We have a strong also growth for Baraclude in Russia and China continued to be very strong for us.

A couple on ELIQUIS. First, what is the earliest that the commercial organizations of Bristol and Pfizer could be ready to launch ELIQUIS in the U.S.?

And Elliott, do you have any views on edoxaban and how that will compare with current players and ELIQUIS based on what has been presented thus far? And then on HCV, with marketing moving to 1 pill once daily seemingly, do you have efforts underway to compete on that front?

Giovanni, I think you want to take the ELIQUIS question, but I can summarize the answer. We are ready, right?

So why don't you go? We have more to say.

Yes. So as you know, we are working very actively with Pfizer to prepare for launch.

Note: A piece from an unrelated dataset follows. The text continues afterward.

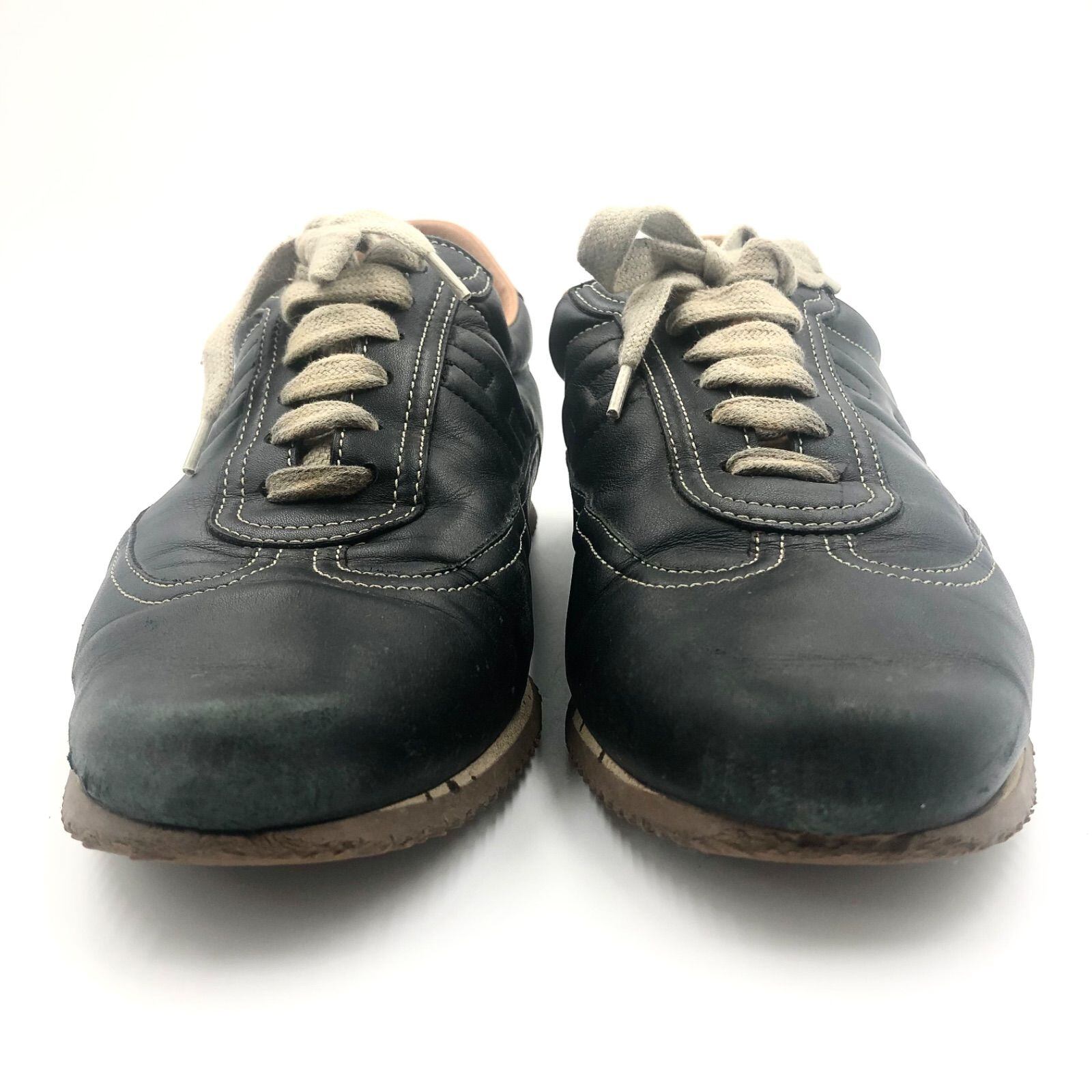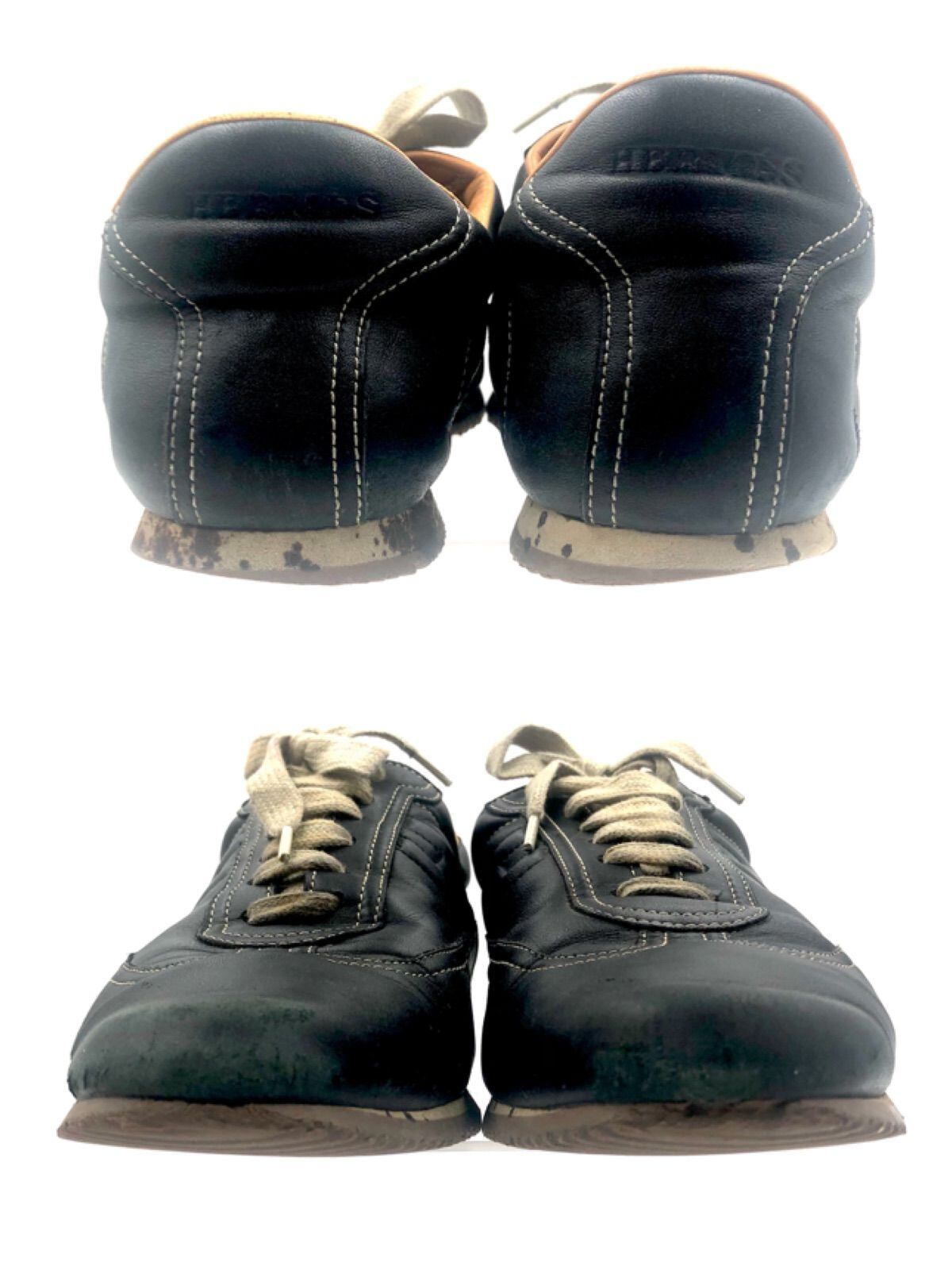 HERMES エルメス クイック Hロゴステッチ レザースニーカー 本革 ブラック イタリア製 サイズ38.5(24.5cm相当) レディース 保存袋付き
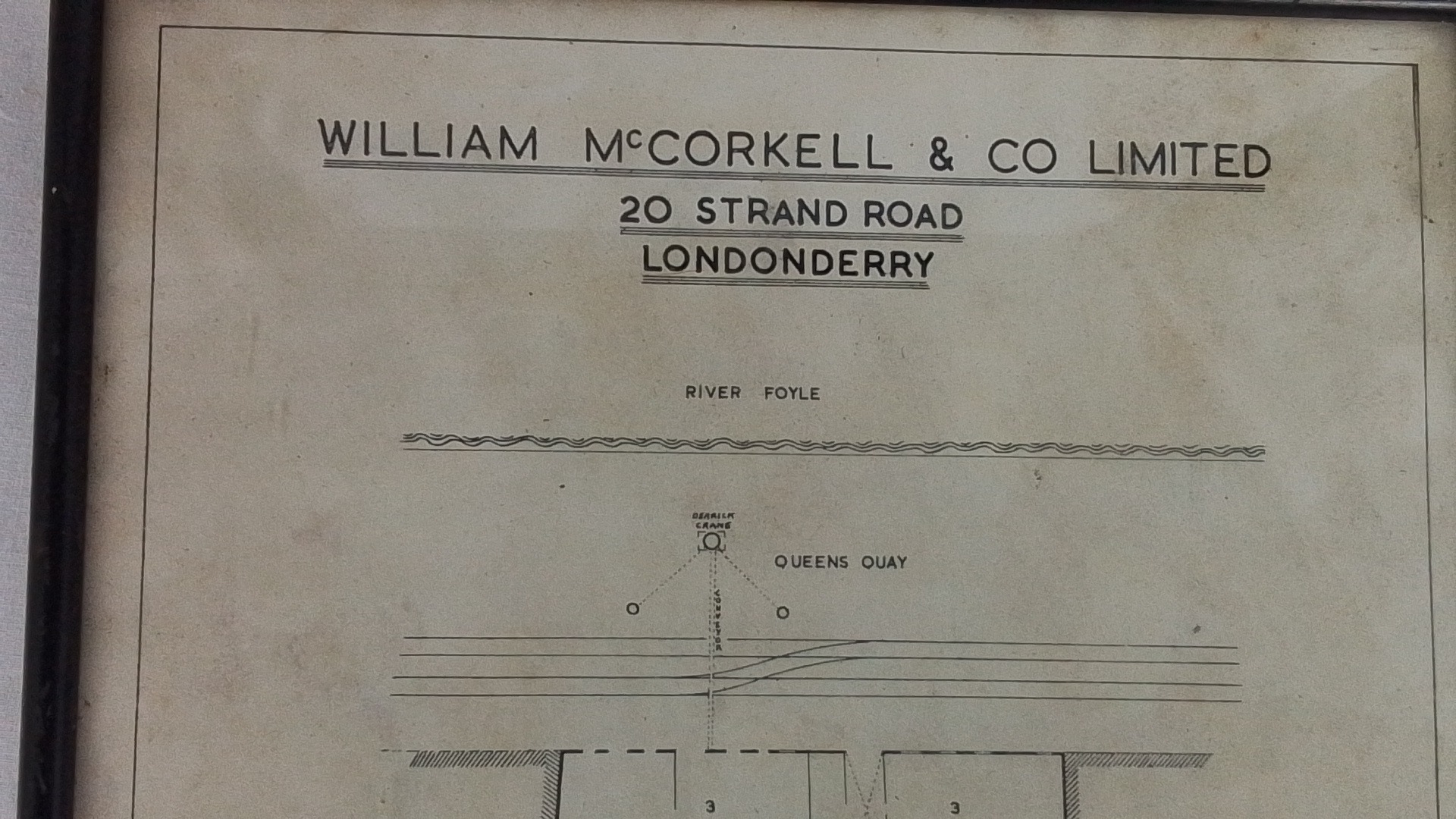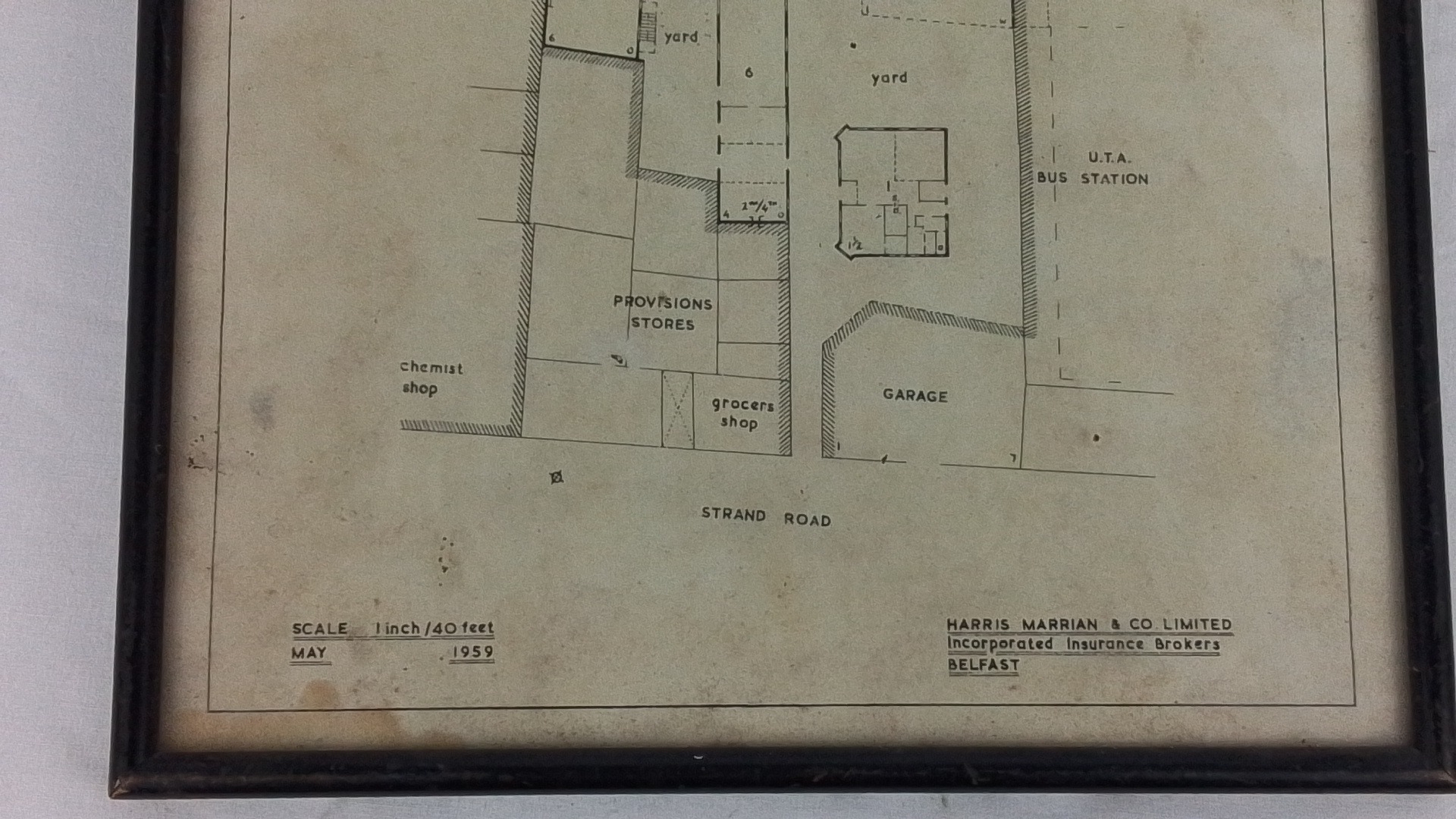 A framed survey plan for William McCorkell & Co. Limited, 20 Strand Road, Londonderry, showing site layout adjoining the River Foyle and Queen’s Quay; scale 1 inch/40 feet, dated May 1959., 28cm x 43cm.

The answer is we are ready to launch. As we've said before, a couple of other comments.

The first one is we are really excited with the profile of the product. It is differentiated not only versus warfarin but also versus the other agents and that's going to be very important for us.

The second point is we will launch with the combined strength of Bristol-Myers Squibb and Pfizer. We have significant experience in cardiovasculars.

We have a strong presence in cardiology. We will have a broad reach and a primary care and a very clear focus on access.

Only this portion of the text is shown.